Here’s a chat between me and a Geek Squad agent:
GS agent: This is agent ________. How may I help you?
me: My computer keeps randomly rebooting
me: It looks like a heat problem
GS agent: You’ll need to bring it in to get it serviced.
me: That’s what I was told the last 120459135891308 times it happened, and you clearly weren’t able to resolve the problem.
GS agent: Thank you for contacting geek squad.
(I disconnect)
I didn’t spend 3 minutes waiting for some macro to tell me to bring my computer in to get it serviced. I clean out all the dirt stuck in the box and voila, it works. Gee, would it kill to give real advice?

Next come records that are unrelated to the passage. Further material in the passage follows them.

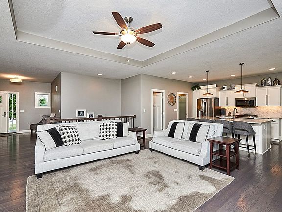 This stunning ranch home boasts 4 spacious bedrooms and 3 bathrooms, offering ample space for comfortable living. Nestled at the end of a quiet cul-de-sac in Grimes with highly acclaimed Johnston Schools, this gem sits on a generously sized pie-shaped lot measuring .43 acres. The large fenced-in backyard offers a safe haven for children and pets to play freely. Quality built by Drake Homes, this resale property promises durability and lasting beauty. The open concept floorplan ensures a natural flow between the entry, living, kitchen and dining spaces, making it easy to move from one room to another. The spacious kitchen has a large island and connects to the dining area with space for an oversized table. This space is perfect for dinner parties or enjoying family meals. The walk-in pantry offers plenty of storage space for all your culinary needs. The main level is home to the primary suite and two additional bedrooms that share a spacious bathroom. The wide stairway leads to the thoughtfully finished walkout lower level, ideal for entertaining guests or creating a cozy family retreat. The living room features space for a comfy sectional to cozy up on and watch movies on the projector screen, a dining or game table and wet bar. The lower level is also home to an oversized 4th bedroom, 3rd bathroom and storage. Enjoy being close to trails, parks and all of the shopping and dining that the City of Grimes has to offer! All information obtained from Seller & public records.
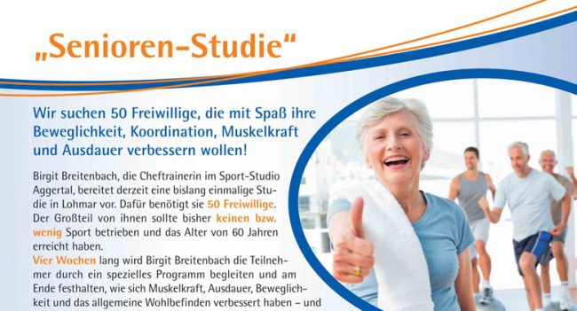 „Senioren-Studie 2018“ Für unsere neue Senioren-Studie suchen wir suchen 50 Freiwillige, die mit Spaß ihre Beweglichkeit, Koordination, Muskelkraft und Ausdauer verbessern wollen! Mit dieser Studie haben Sie die Möglichkeit, das Sport-Studio Aggertal Unverbindlich und ohne Vertragsbindung kennen zu lernen. Die Teilnehmerzahl ist auf 50 Probanden begrenzt. Jetzt schnell unter 02246-6959 einen Termin für ein kostenloses…
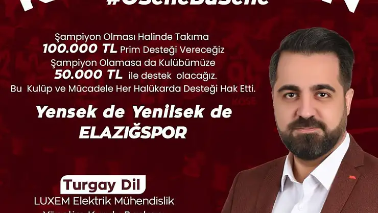 İş adamı Turgay Dil, Elazığspor'un şampiyon olması halinde takıma 100 bin liralık prim dağıtacakları sözü verdi.

heh this is one old video some dragged out from so long ago.
Well, the issues with quotes, is they will not be able to quote you with out running their “diagnostics” which has its own fee. You can’t bounce from place to place getting quotes since you don’t get them to start with.
Even though this is an old video, my comments are simply in the manner of how it was done. With outright lies and misdiagnoses, most of their companies show just how poor their service really is.